Portola Farm will be:
• An educational hub that will serve thousands of visitors of all ages every year. It will be a potent site for learning about our food systems and fostering relationships to land.
• A social enterprise that will increase access to healthy produce in an underserved neighborhood and be a model community-centered business.
• A self-sustaining operation that will boost the local economy via the production of food, flowers, and seedlings.
• A permanent community asset for residents of southeast SF and a landmark destination for the city at large. It will connect people and offer space for collaboration across cultures and generations.

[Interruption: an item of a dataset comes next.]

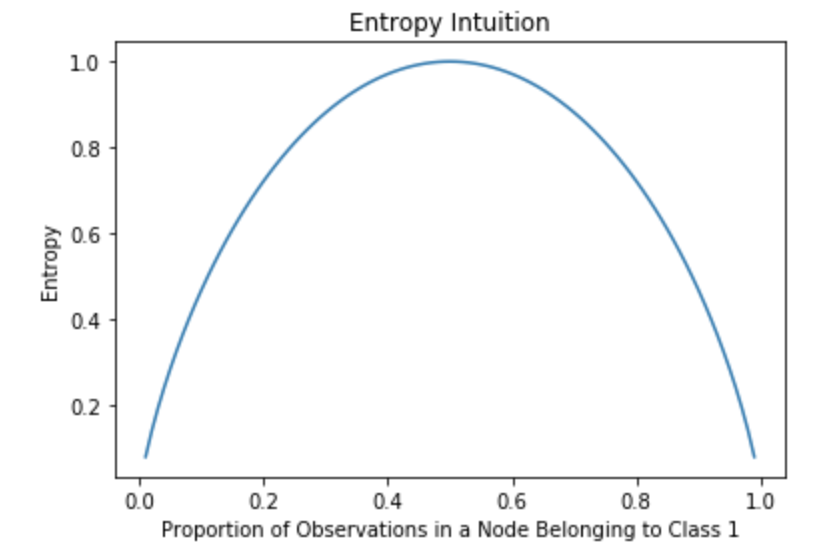 The intuition can be presented by considering how entropy changes as a result of the above formula when the proportion of observations in a node that belong to 1 class changes across the possible range of proportions. In the extreme cases, where almost all observations belong to one of the classes, the entropy is very low, indicating greater homogeneity of that node. When the class distribution approaches 50/50, the entropy is at its peak of 1, which happens as a result of using log base 2 in the formula.

Our food systems are broken. They are a major driver of environmental degradation, including climate change. While cities consume the vast majority of food, most production happens in rural areas, invisible to urban residents.
Urban farms can bridge this gap, but they need long term, secure land tenure. While San Francisco holds a rich history of urban agriculture, supported widely by residents across neighborhoods, means, and backgrounds, development pressure has left few remaining farm projects and none that are self-sustaining. Interest, enthusiasm and political will for urban agriculture have been established. Economic viability and incomparable social value have been proven. What’s missing is devoted, secure space.
The Portola District earned its reputation as San Francisco’s Garden District in the early 1900s. At its peak, at least 19 commercial farms and greenhouse operations were spread throughout the neighborhood. Of these, the greenhouses at 770 Woolsey are all that remain.
Physically, the site is uniquely well suited for agriculture – more than any other available SF parcel – in its south facing slope, and the east-west orientation of its greenhouses. Two onsite wells serve as a promising water source.
Geographically, the site is situated in southeast SF, an isolated area flanked by freeways, home to a disproportionate number of low-income households, and historically underrepresented in terms of public realm investments.
Culturally, the neighborhood has made clear that healthy food options and community gathering spaces are top priorities for the Portola.
In July 2017, a developer purchased the site from its longtime owner and is actively planning to develop the site for market-rate housing, a plan widely disfavored in the neighborhood.
In Spring 2021, through an extended, good faith negotiation, The Greenhouse Project and Friends of 770 Woolsey secured a legal right to purchase the property.
We are actively engaged in a capital campaign to bring Portola Farm to life.